Beginning with the line that contains "Single Seater Grey", reproduce the remaining lines of the material exactly, up to and including the last one, but no pictures.

== == ==

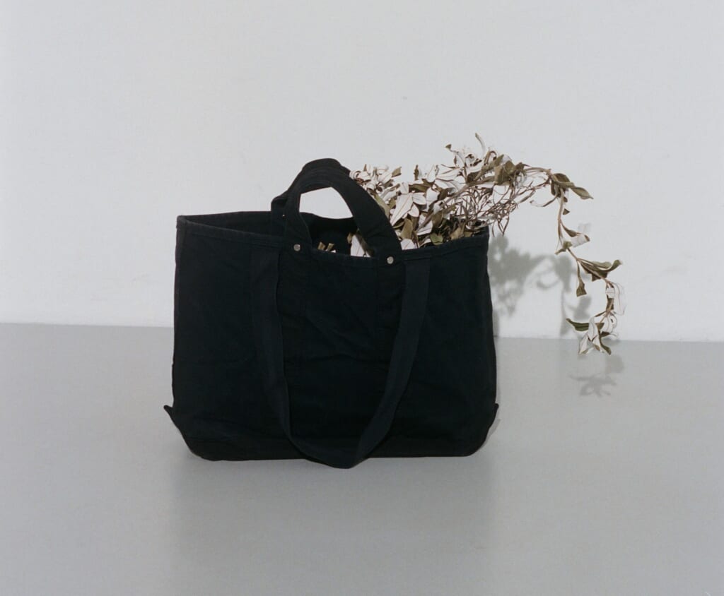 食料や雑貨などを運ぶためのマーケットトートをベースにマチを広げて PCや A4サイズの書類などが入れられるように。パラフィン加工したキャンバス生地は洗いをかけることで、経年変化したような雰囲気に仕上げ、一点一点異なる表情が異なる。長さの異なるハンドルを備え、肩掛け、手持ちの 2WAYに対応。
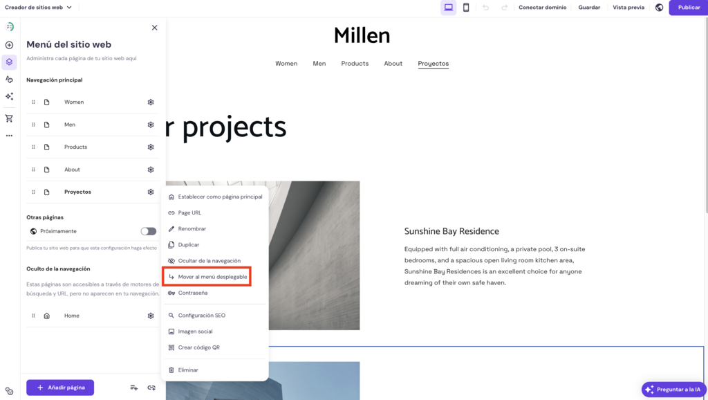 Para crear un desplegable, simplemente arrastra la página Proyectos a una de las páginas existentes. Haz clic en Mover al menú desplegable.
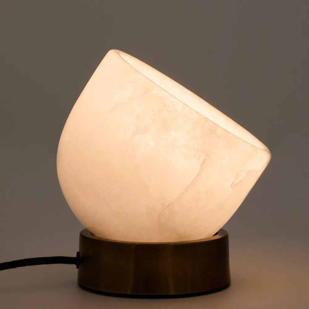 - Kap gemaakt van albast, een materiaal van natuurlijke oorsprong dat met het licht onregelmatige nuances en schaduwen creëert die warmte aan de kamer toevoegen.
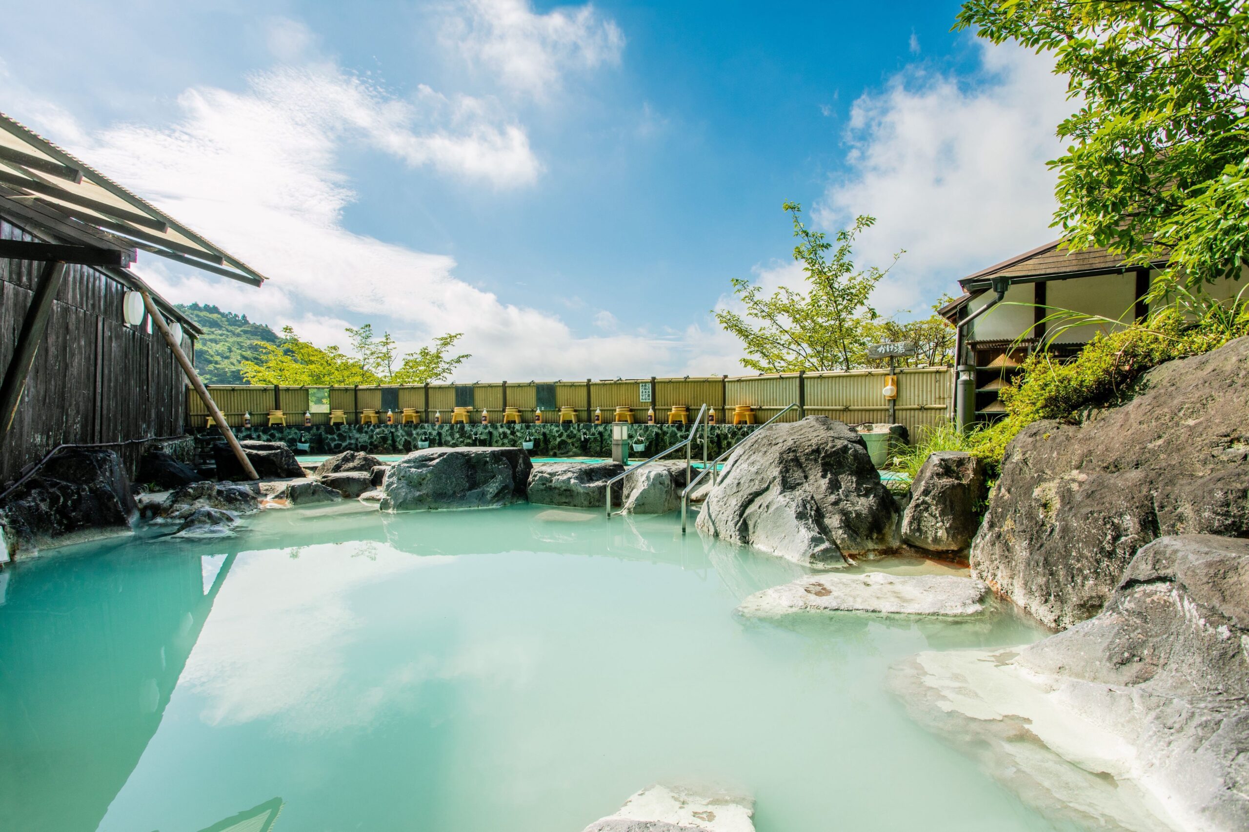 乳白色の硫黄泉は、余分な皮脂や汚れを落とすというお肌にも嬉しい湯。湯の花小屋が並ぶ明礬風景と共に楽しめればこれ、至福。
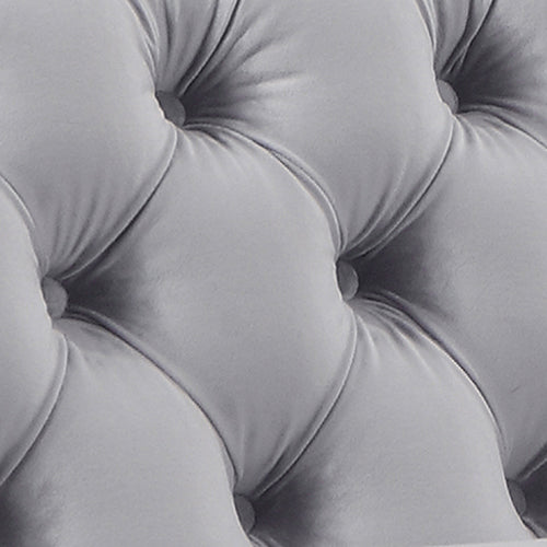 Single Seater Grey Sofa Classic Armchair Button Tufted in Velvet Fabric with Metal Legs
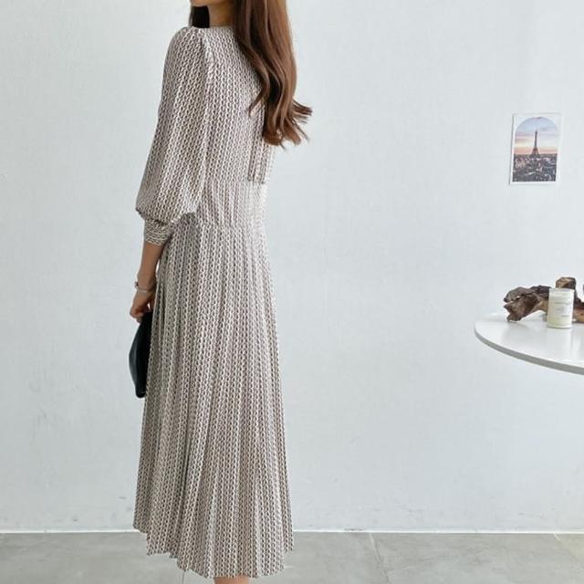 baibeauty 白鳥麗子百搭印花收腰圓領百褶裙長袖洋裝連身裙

== == ==

* [ANSWER BOX]:
 Single Seater Grey Sofa Classic Armchair Button Tufted in Velvet Fabric with Metal Legs
 baibeauty 白鳥麗子百搭印花收腰圓領百褶裙長袖洋裝連身裙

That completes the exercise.